**Exercise description**
Locate the string "concentration" in the listing below. Copy every line where it is found.

Top of Records for the exercise

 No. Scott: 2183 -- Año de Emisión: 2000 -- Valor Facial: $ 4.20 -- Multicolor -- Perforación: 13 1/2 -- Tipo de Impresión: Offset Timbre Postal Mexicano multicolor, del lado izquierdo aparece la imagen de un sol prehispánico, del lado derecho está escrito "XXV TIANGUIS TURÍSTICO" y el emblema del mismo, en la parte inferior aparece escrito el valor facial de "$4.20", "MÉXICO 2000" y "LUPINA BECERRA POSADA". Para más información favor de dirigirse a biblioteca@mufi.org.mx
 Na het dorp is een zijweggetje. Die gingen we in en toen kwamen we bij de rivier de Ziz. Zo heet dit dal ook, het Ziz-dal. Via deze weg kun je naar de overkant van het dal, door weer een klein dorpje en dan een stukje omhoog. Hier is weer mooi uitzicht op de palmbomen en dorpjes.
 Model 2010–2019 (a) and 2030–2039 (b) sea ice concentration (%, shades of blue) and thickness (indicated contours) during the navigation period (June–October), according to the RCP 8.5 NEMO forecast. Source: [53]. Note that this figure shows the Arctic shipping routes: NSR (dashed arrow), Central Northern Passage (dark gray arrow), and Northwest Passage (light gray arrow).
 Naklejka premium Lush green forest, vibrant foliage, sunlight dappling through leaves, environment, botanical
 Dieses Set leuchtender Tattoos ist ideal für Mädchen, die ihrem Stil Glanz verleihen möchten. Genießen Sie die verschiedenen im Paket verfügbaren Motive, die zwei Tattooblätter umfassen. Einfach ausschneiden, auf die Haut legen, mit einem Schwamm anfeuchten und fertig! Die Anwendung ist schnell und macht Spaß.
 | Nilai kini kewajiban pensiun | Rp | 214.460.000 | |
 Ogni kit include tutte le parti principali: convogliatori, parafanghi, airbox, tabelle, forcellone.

Bottom of Records for the exercise
Top of Records for the exercise

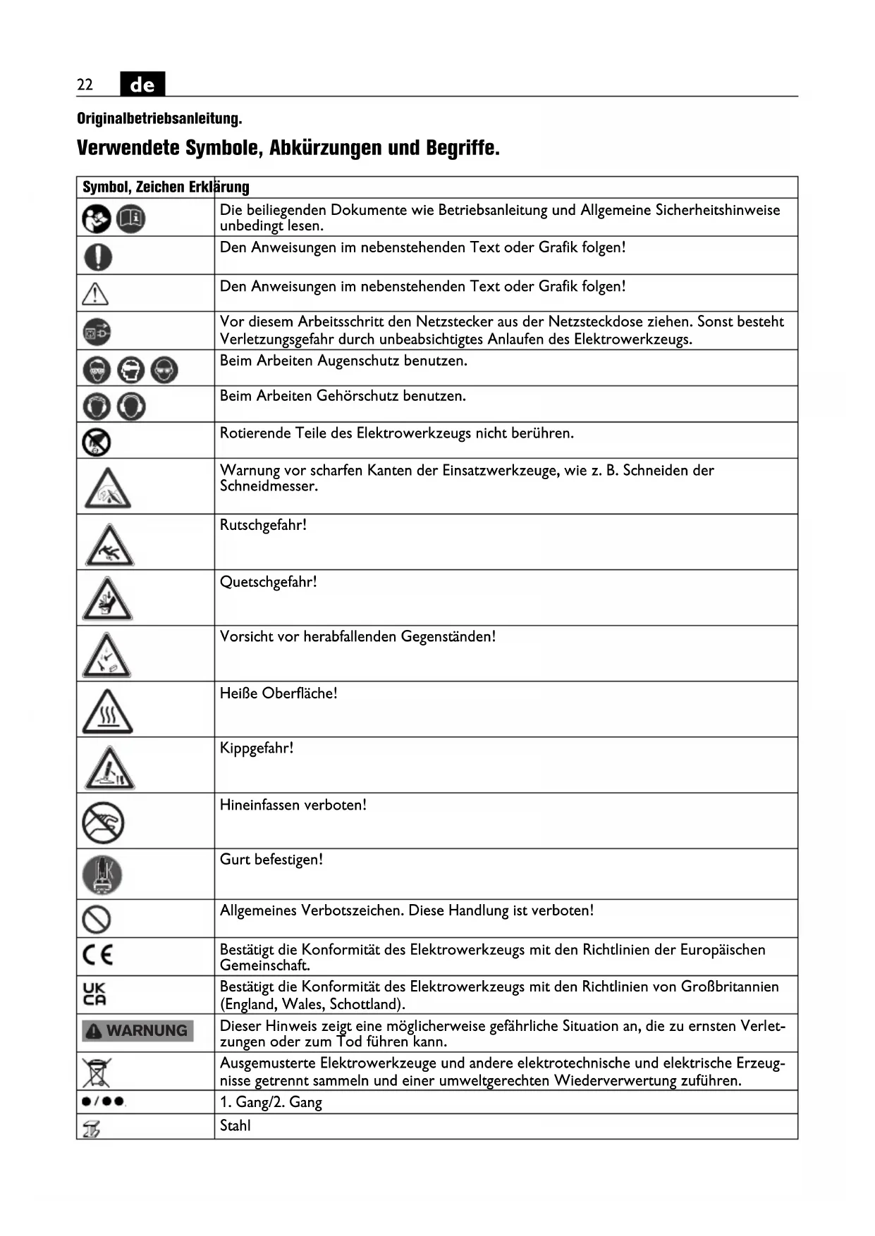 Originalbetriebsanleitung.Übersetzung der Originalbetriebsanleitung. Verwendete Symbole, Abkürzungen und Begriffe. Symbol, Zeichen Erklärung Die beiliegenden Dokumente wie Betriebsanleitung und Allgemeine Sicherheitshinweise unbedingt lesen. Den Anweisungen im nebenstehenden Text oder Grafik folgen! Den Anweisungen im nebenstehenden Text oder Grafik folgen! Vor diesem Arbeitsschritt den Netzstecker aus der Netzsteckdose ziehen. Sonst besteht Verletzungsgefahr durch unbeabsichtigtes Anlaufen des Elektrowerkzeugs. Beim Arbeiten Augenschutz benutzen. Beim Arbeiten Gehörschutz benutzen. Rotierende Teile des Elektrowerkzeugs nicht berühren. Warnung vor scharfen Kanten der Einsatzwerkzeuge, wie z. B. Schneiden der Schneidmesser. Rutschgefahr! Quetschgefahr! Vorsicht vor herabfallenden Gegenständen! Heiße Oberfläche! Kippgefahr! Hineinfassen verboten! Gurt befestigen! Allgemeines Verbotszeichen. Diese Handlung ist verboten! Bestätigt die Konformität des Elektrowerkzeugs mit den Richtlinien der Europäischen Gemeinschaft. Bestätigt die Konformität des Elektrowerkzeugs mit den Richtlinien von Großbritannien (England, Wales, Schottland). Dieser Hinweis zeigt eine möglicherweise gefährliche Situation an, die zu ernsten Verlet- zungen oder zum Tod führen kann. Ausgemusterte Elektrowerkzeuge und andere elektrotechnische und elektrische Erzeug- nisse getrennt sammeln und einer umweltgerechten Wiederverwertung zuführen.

Bottom of Records for the exercise
Top of Records for the exercise

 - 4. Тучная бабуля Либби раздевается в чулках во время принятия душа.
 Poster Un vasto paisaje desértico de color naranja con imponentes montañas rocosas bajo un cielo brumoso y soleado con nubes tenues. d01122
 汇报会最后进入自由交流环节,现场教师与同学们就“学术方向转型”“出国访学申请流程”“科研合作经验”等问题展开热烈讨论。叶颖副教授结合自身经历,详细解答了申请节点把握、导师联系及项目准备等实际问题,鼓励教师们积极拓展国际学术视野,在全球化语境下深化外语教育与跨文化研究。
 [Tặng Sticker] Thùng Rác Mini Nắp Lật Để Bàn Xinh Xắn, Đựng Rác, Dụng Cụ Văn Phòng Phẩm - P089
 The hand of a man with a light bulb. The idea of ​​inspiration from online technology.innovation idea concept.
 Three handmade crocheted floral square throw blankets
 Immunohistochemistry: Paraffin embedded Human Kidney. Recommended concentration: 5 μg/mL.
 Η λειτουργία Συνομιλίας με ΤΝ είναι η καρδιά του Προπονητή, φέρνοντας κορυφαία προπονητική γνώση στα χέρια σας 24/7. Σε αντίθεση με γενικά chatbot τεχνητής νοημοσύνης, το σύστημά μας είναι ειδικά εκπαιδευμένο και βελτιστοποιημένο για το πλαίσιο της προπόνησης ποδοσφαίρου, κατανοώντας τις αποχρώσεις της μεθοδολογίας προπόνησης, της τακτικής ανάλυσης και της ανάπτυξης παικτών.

Bottom of Records for the exercise

**Result of this task**
 Model 2010–2019 (a) and 2030–2039 (b) sea ice concentration (%, shades of blue) and thickness (indicated contours) during the navigation period (June–October), according to the RCP 8.5 NEMO forecast. Source: [53]. Note that this figure shows the Arctic shipping routes: NSR (dashed arrow), Central Northern Passage (dark gray arrow), and Northwest Passage (light gray arrow).
 Immunohistochemistry: Paraffin embedded Human Kidney. Recommended concentration: 5 μg/mL.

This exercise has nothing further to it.